Likely Author Of Shocking Ron Paul Letters Exposed

Likely Author Of Shocking Ron Paul Letters Exposed

Since my article "Angry White Man" was posted on our website last Tuesday, many have asked who the author of Ron Paul's newsletters could have been. Published since at least the late 1970s--and at their most incendiary from 1987 to 1996--these newsletters have at times been filled with conspiratorial warnings about the Trilateral Commission and Bilderberg Group, animus towards black and gay people, and sympathy for right-wing, anti-government militia movements. Many libertarian bloggers have intimated or concluded that the man chiefly responsible for this content was Llewellyn H. Rockwell, Jr., Paul's former congressional chief of staff and the founder of the Ludwig von Mises Institute in Auburn, Alabama.

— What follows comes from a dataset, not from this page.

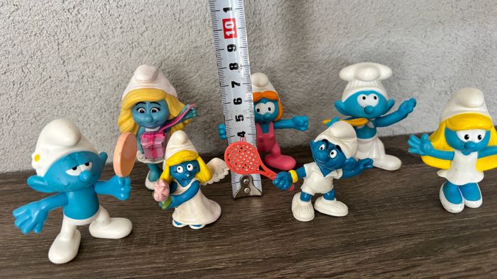 Lot de figurines Les Schtroumpfs mesure en photo avec le mètre jouets d'occasion en bon état avec quelques imperfections Voir TOUTES les photos

John Robbins, who succeeded Rockwell as Paul's chief of staff, released an "Open Letter to Lew Rockwell" on the Internet last week. "This week, for the third time, the puerile, racist, and completely un-Pauline comments that all informed people say you have caused to appear in Ron's newsletters over the course of several years have become an issue in his campaign," Robbins wrote. "Your callous disregard for both Ron and his millions of supporters is unconscionable." Rockwell, however, in an interview conducted before "Angry White Man" was published, denied that he had any role in writing the newsletters.

Hours after my article appeared on the TNR website, the Paul campaign released a statement. "The quotations in The New Republic article are not mine and do not represent what I believe or have ever believed," Paul said. "I have never uttered such words and denounce such small-minded thoughts." Moreover, he insisted that he didn't even know who wrote those words. On Thursday, two days after the statement appeared, Paul campaignspokesman Jesse Benton reiterated Paul's denial to CNN's Brian Todd. When Todd asked if Paul would attempt to find out who could have written the newsletters, Benton replied, "No, what's the point?"